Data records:

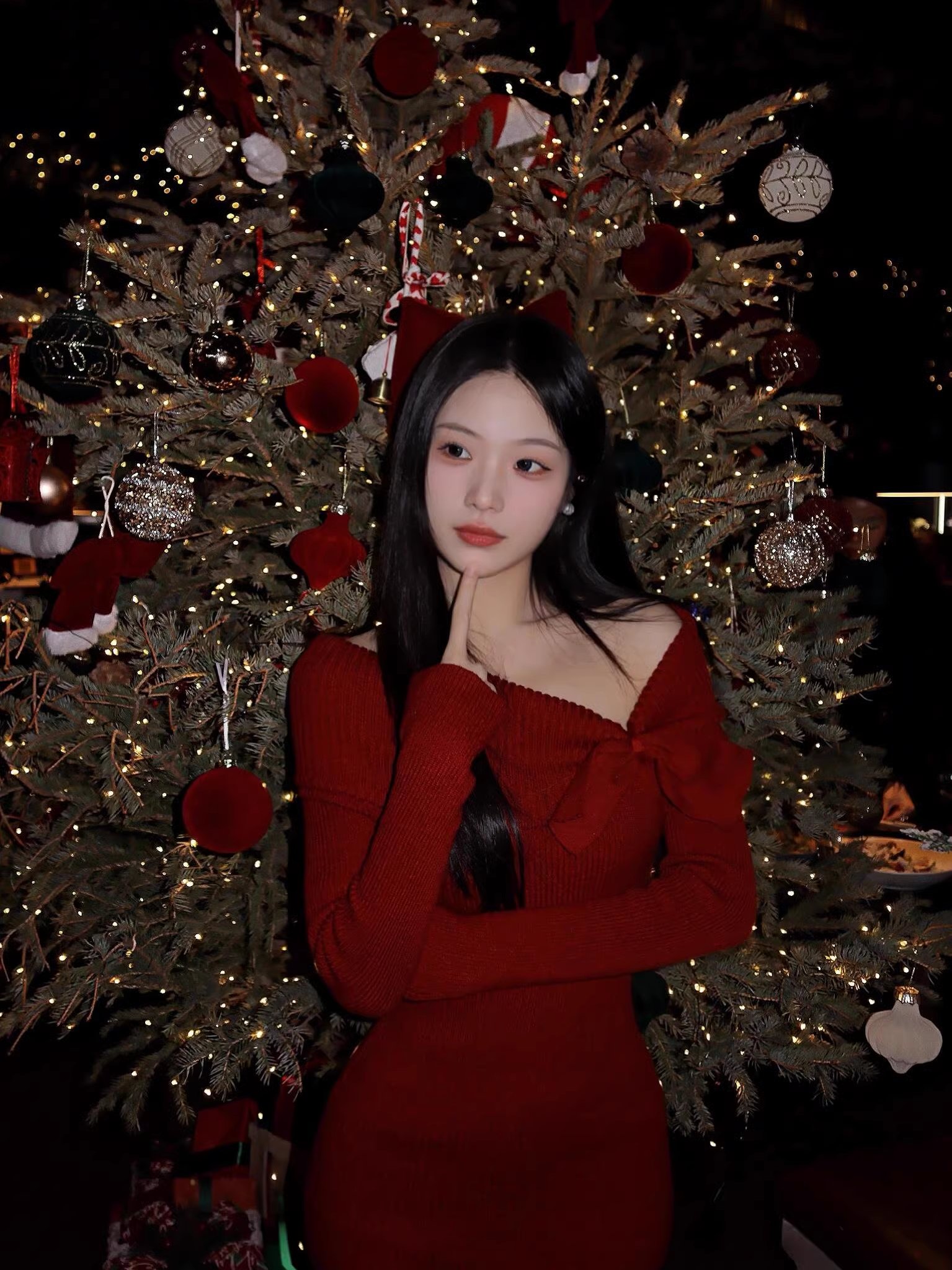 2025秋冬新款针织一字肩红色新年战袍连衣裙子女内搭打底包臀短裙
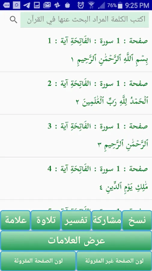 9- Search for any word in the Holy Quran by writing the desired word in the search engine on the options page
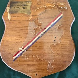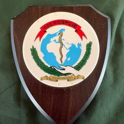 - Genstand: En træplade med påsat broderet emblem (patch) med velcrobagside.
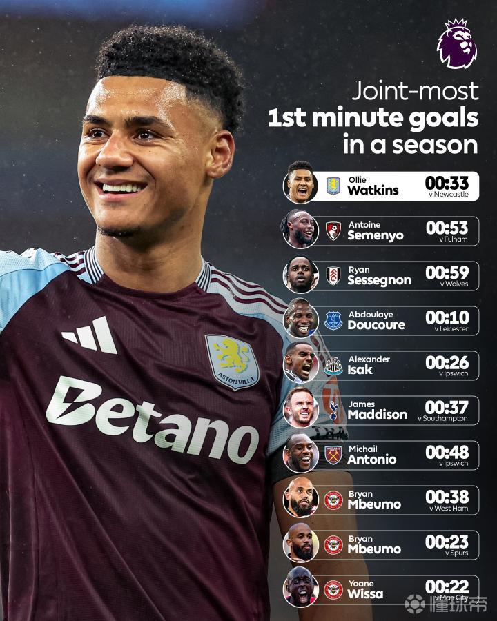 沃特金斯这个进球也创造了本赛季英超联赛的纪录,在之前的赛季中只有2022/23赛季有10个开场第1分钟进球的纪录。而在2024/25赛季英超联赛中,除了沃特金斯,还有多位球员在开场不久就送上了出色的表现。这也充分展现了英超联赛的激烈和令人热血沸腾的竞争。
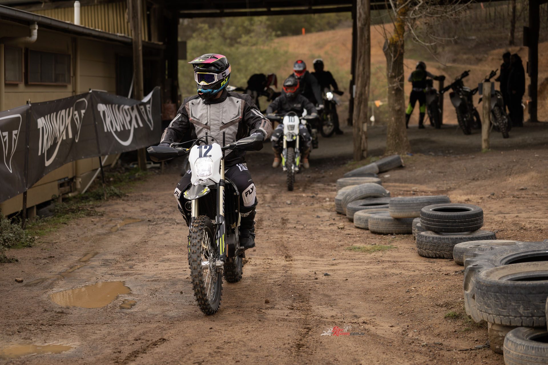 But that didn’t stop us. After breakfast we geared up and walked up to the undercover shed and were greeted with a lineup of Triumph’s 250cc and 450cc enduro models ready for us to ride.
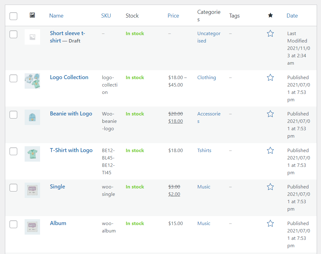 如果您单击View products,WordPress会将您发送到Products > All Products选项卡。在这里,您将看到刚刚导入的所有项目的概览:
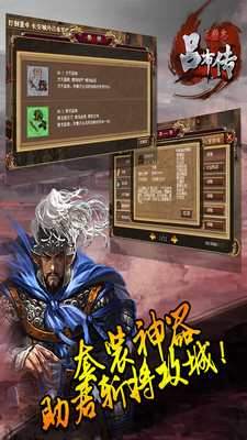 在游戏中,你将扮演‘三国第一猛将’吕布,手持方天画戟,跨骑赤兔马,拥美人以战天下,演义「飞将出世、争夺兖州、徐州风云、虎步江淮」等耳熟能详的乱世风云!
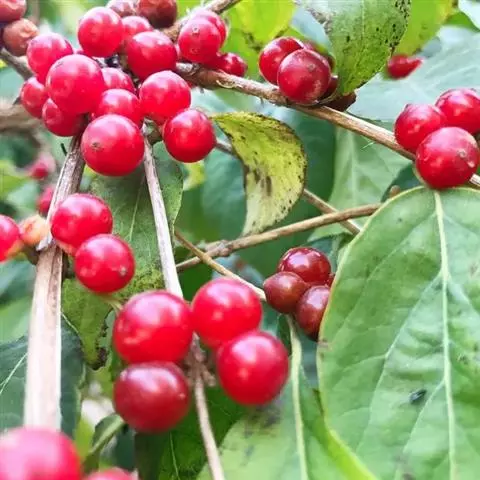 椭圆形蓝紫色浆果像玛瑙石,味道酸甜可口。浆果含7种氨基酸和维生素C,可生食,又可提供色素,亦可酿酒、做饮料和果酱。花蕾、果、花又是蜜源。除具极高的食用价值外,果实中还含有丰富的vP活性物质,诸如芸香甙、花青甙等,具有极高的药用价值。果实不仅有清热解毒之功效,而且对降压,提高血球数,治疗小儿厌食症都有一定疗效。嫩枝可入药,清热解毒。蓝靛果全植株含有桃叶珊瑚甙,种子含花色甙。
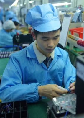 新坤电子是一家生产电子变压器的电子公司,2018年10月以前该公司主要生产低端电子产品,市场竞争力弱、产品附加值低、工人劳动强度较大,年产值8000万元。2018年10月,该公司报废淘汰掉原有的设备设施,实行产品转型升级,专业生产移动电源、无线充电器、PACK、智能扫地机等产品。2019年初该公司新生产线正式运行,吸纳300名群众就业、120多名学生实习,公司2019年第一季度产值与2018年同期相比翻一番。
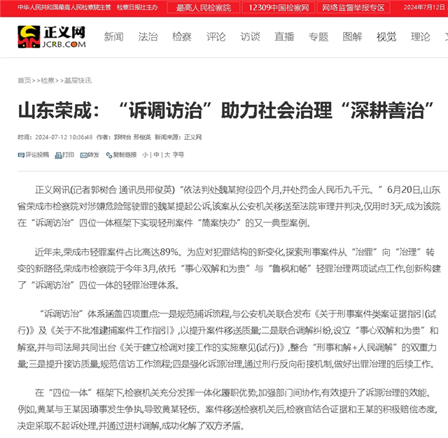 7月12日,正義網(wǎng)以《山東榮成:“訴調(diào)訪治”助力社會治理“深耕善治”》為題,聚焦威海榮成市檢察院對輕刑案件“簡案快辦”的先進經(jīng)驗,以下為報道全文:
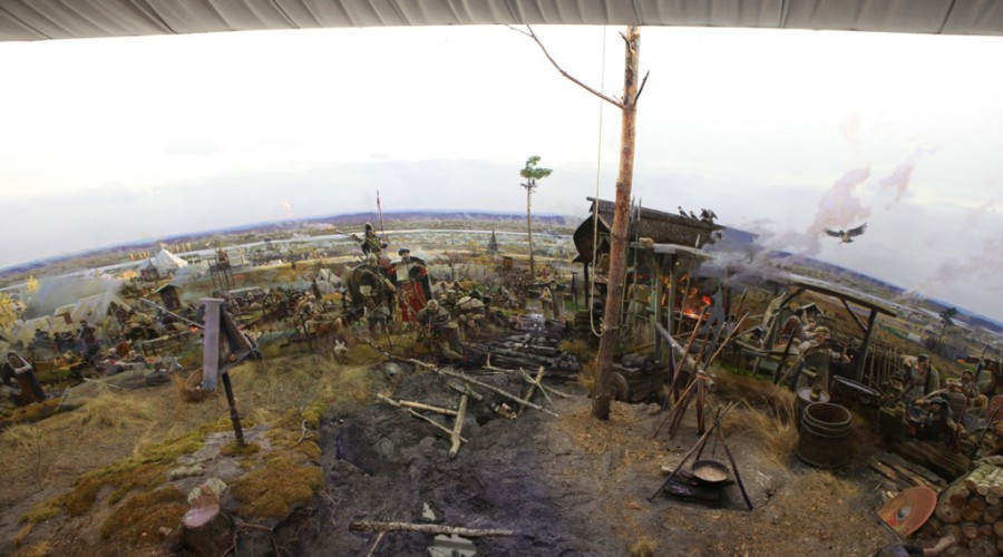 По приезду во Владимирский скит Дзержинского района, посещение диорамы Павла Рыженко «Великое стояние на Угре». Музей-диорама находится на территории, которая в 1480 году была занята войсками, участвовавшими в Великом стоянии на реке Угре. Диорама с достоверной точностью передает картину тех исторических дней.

WHAT NEEDS TO BE DONE: Only the wording of the records is wanted: copy it all exactly and omit the pictures.

OUTPUT BELOW:
 2025秋冬新款针织一字肩红色新年战袍连衣裙子女内搭打底包臀短裙
 9- Search for any word in the Holy Quran by writing the desired word in the search engine on the options page
 - Genstand: En træplade med påsat broderet emblem (patch) med velcrobagside.
 沃特金斯这个进球也创造了本赛季英超联赛的纪录,在之前的赛季中只有2022/23赛季有10个开场第1分钟进球的纪录。而在2024/25赛季英超联赛中,除了沃特金斯,还有多位球员在开场不久就送上了出色的表现。这也充分展现了英超联赛的激烈和令人热血沸腾的竞争。
 But that didn’t stop us. After breakfast we geared up and walked up to the undercover shed and were greeted with a lineup of Triumph’s 250cc and 450cc enduro models ready for us to ride.
 如果您单击View products,WordPress会将您发送到Products > All Products选项卡。在这里,您将看到刚刚导入的所有项目的概览:
 在游戏中,你将扮演‘三国第一猛将’吕布,手持方天画戟,跨骑赤兔马,拥美人以战天下,演义「飞将出世、争夺兖州、徐州风云、虎步江淮」等耳熟能详的乱世风云!
 椭圆形蓝紫色浆果像玛瑙石,味道酸甜可口。浆果含7种氨基酸和维生素C,可生食,又可提供色素,亦可酿酒、做饮料和果酱。花蕾、果、花又是蜜源。除具极高的食用价值外,果实中还含有丰富的vP活性物质,诸如芸香甙、花青甙等,具有极高的药用价值。果实不仅有清热解毒之功效,而且对降压,提高血球数,治疗小儿厌食症都有一定疗效。嫩枝可入药,清热解毒。蓝靛果全植株含有桃叶珊瑚甙,种子含花色甙。
 新坤电子是一家生产电子变压器的电子公司,2018年10月以前该公司主要生产低端电子产品,市场竞争力弱、产品附加值低、工人劳动强度较大,年产值8000万元。2018年10月,该公司报废淘汰掉原有的设备设施,实行产品转型升级,专业生产移动电源、无线充电器、PACK、智能扫地机等产品。2019年初该公司新生产线正式运行,吸纳300名群众就业、120多名学生实习,公司2019年第一季度产值与2018年同期相比翻一番。
 7月12日,正義網(wǎng)以《山東榮成:“訴調(diào)訪治”助力社會治理“深耕善治”》為題,聚焦威海榮成市檢察院對輕刑案件“簡案快辦”的先進經(jīng)驗,以下為報道全文:
 По приезду во Владимирский скит Дзержинского района, посещение диорамы Павла Рыженко «Великое стояние на Угре». Музей-диорама находится на территории, которая в 1480 году была занята войсками, участвовавшими в Великом стоянии на реке Угре. Диорама с достоверной точностью передает картину тех исторических дней.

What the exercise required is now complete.